# [Action item]
Exactly reproduce the lines from the one holding "- DURABILITY- 18/8" through the end of the records, including both boundary lines but no pictures.

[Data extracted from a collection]

-------------------------

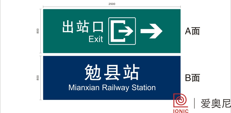 下圖是愛奧尼標識設計公司為勉縣火車站制作的靜態標識。客戶對項目制作工藝非常滿意。湖南愛奧尼標識工程有限公司是一家標識設計、制作公司,擁有15年標識設計經驗,100多名專業生產團隊,獲得ISO9001質量管理體系認證等數10項榮譽資質證書,電話:400-0731-050
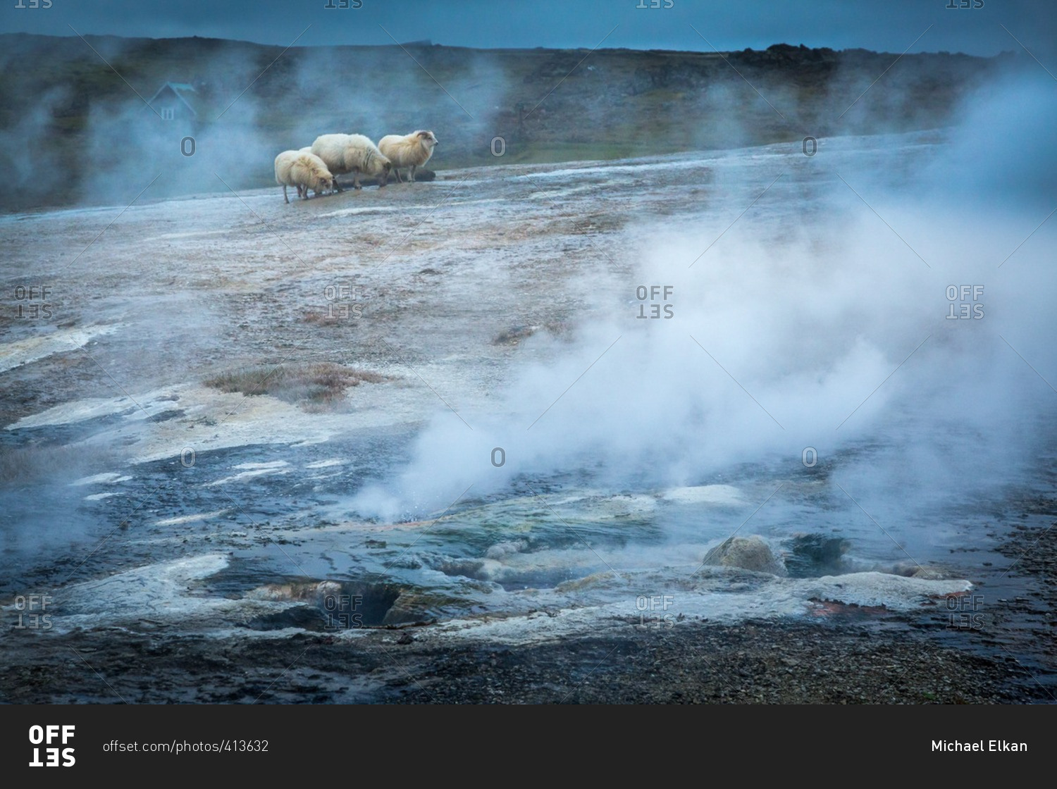 Icelandic sheep at geothermal location in the remote Kjoslur highlands
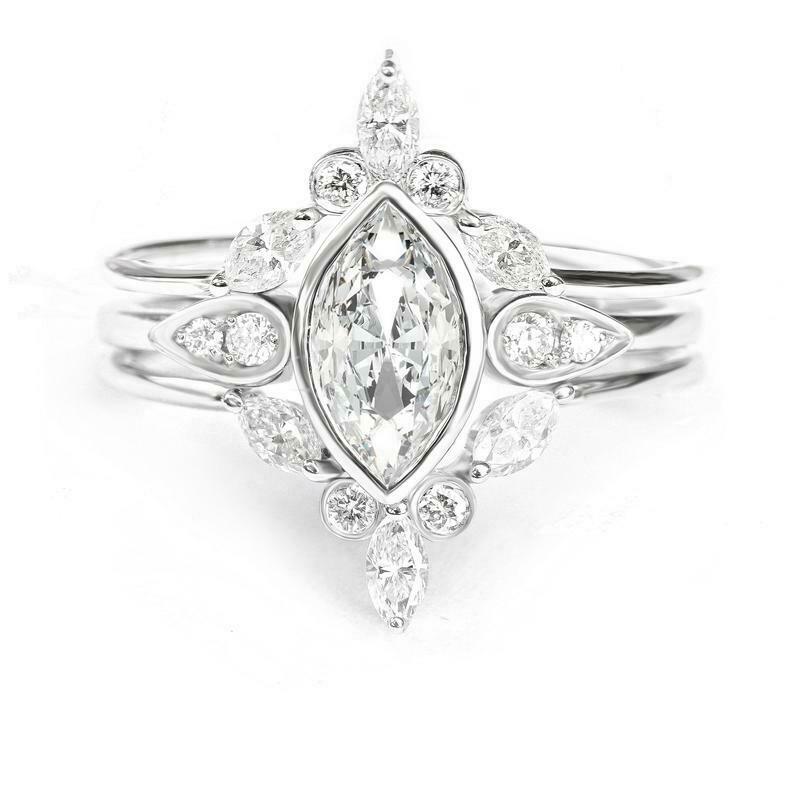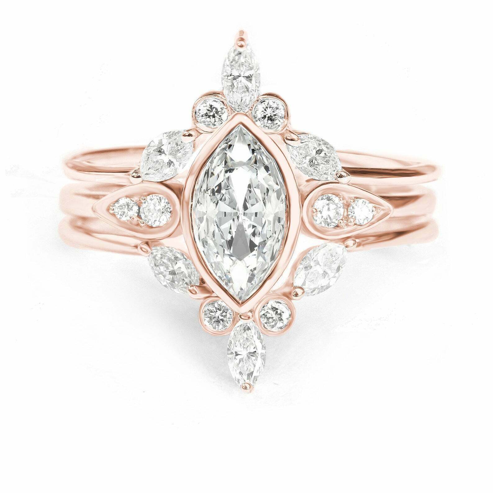 2.5ct Marquise Cut Diamond Engagement Ring Art Deco Trio Set 14k RoseGold Finish
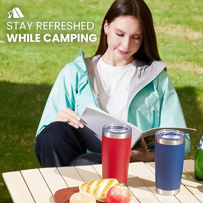 - DURABILITY- 18/8 food grade stainless steel body, No BPA, healthier than plastic cup. The insulated tumbler never sweat due to the Vacuum insulated design. Powder coating on the outside fits more comfortably in your hand, looks good, anti-slip
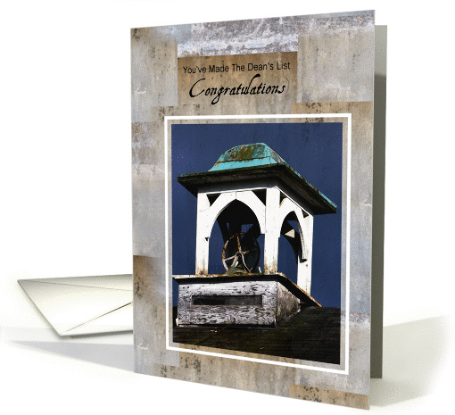 | Artist Notes: | A congratulations on making the dean's list card with a photograph of a rusted bell of an old schoolhouse. Receiving this honor requires a lot of hard work and dedication and deserves recognition for this academic achievement. |
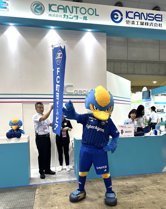 また下水道展初日には、当社東京本部が協賛しているFC町田ゼルビア キャラクターの「ゼルビ―」君が、会場に遊びに来てくれました!
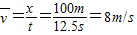 解答:解:百米赛跑中,轨迹为直道,因此其位移为100米,故该过程平均速度为:
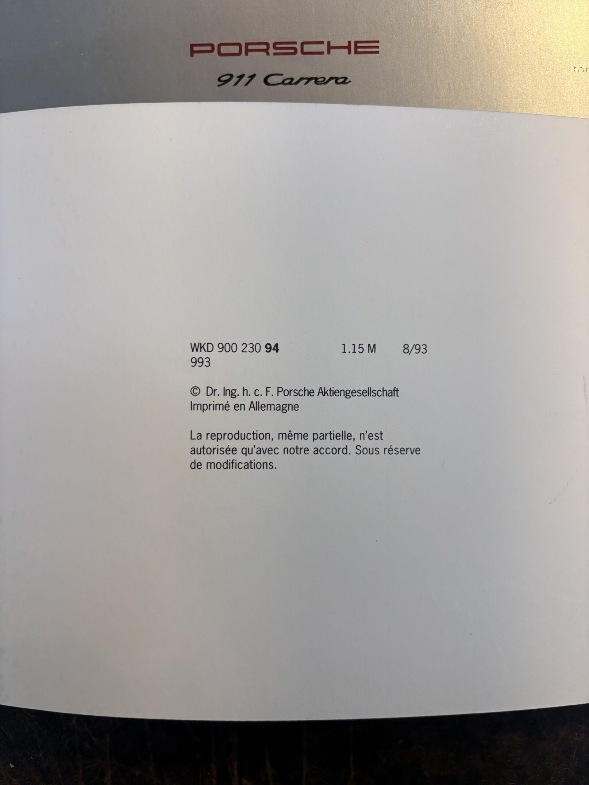 Pochette documentations Porsche d’origine.

-------------------------

# [Result for this task]
 - DURABILITY- 18/8 food grade stainless steel body, No BPA, healthier than plastic cup. The insulated tumbler never sweat due to the Vacuum insulated design. Powder coating on the outside fits more comfortably in your hand, looks good, anti-slip
 | Artist Notes: | A congratulations on making the dean's list card with a photograph of a rusted bell of an old schoolhouse. Receiving this honor requires a lot of hard work and dedication and deserves recognition for this academic achievement. |
 また下水道展初日には、当社東京本部が協賛しているFC町田ゼルビア キャラクターの「ゼルビ―」君が、会場に遊びに来てくれました!
 解答:解:百米赛跑中,轨迹为直道,因此其位移为100米,故该过程平均速度为:
 Pochette documentations Porsche d’origine.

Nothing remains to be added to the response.